夫が作成したライフプラン表のおかげで、お金の心配をすることなく暮らしを楽しんでいるライフさん。

【写真】ライフさん夫婦の生活経費の内訳

「2人の子どもの学費の支払いが終わった50代半ばの頃、今度は老後資金を貯めなければと、節約に励んでいました。4歳年上の夫は60歳の定年後も、再雇用制度を利用してまだまだ働くものと思っていたんです」

ところが、夫は61歳で退職したいと宣言。そして、今後かかるお金について細かくシミュレーションしたライフプラン表を見せてくれたそう。

「表を見て、夫が61歳で退職しても、貯蓄と年金収入などを計算すると、お金は十分たりるとわかりました」

漠然と「老後のお金」と考えると、いくらあってもたりないように感じますが、かかるお金が明確になったことで、安心して使えるように。

「夫の退職から7年たった今も、お金に悩むことなく暮らしています」

「ライフプラン表」のメリット4選

ライフさんが実践している「ライフプラン表」の作成。どんなメリットがあるのでしょうか?

●かかるお金が明確になり、小さな幸せを満喫できる

ライフプラン表は、これまでつけていた家計簿をもとに、毎年かかる生活費を計算。

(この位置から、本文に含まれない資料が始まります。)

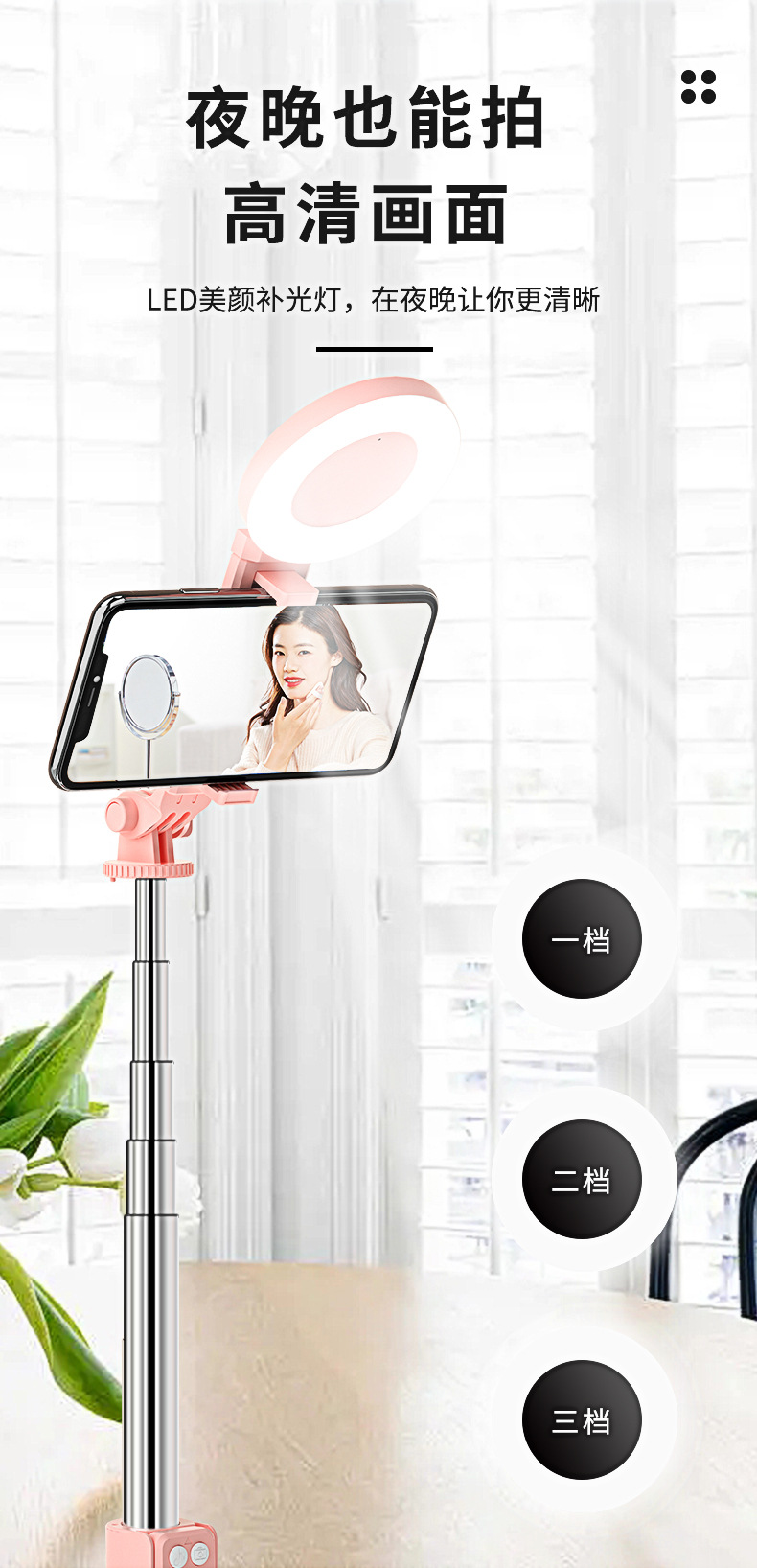 • 단일 필 라이트 + Douyin Kuaishou 원격 제어 BT12를 촬영할 수 있는 1.7m 핑크

「これまでどおりの暮らしを続ければ大丈夫とわかって、“お金がたりない”という欠乏感がなくなり、日々の暮らしに幸せを感じられるようになりました」

●旅行など、使いたいことにはしっかり使える

「夫婦そろって物欲はあまりありませんが、夫の現役時代は忙しくて行けなかった旅行には、元気なうちに行きたいと思っています」。退職後の10年間は、毎年60万円ずつを旅行の予算として確保し、使いたいところにはしっかり使います

●予算の範囲内ならOK。節約のプレッシャーから解放

以前は、生活費を少しでも節約して、貯蓄に回そうと考えていたライフさん。「常に節約優先にしなくても、予算の範囲内なら使っても問題ないとわかり、以前ならあきらめていたちょっと高価なお菓子を買うなど、プチぜいたくを楽しめるように」

●長生きしても安心。将来の心配ごとが消える

元気なうちはアクティブに過ごすためにお金がかかりますが、年齢を重ねれば、ライフスタイルはシンプルに。「入院や介護施設などのお金は多少の準備が必要ですが、日常にかかるお金は年金でまかなえるので、長生きしても安心とわかりました」

「ライフプラン表」のつくり方

「自分たちの暮らし方に合わせて、できるだけ正確に予測を立てることが安心につながります」というライフさん夫婦のライフプラン表。費目の立て方や計算の仕方、活用法などを解説!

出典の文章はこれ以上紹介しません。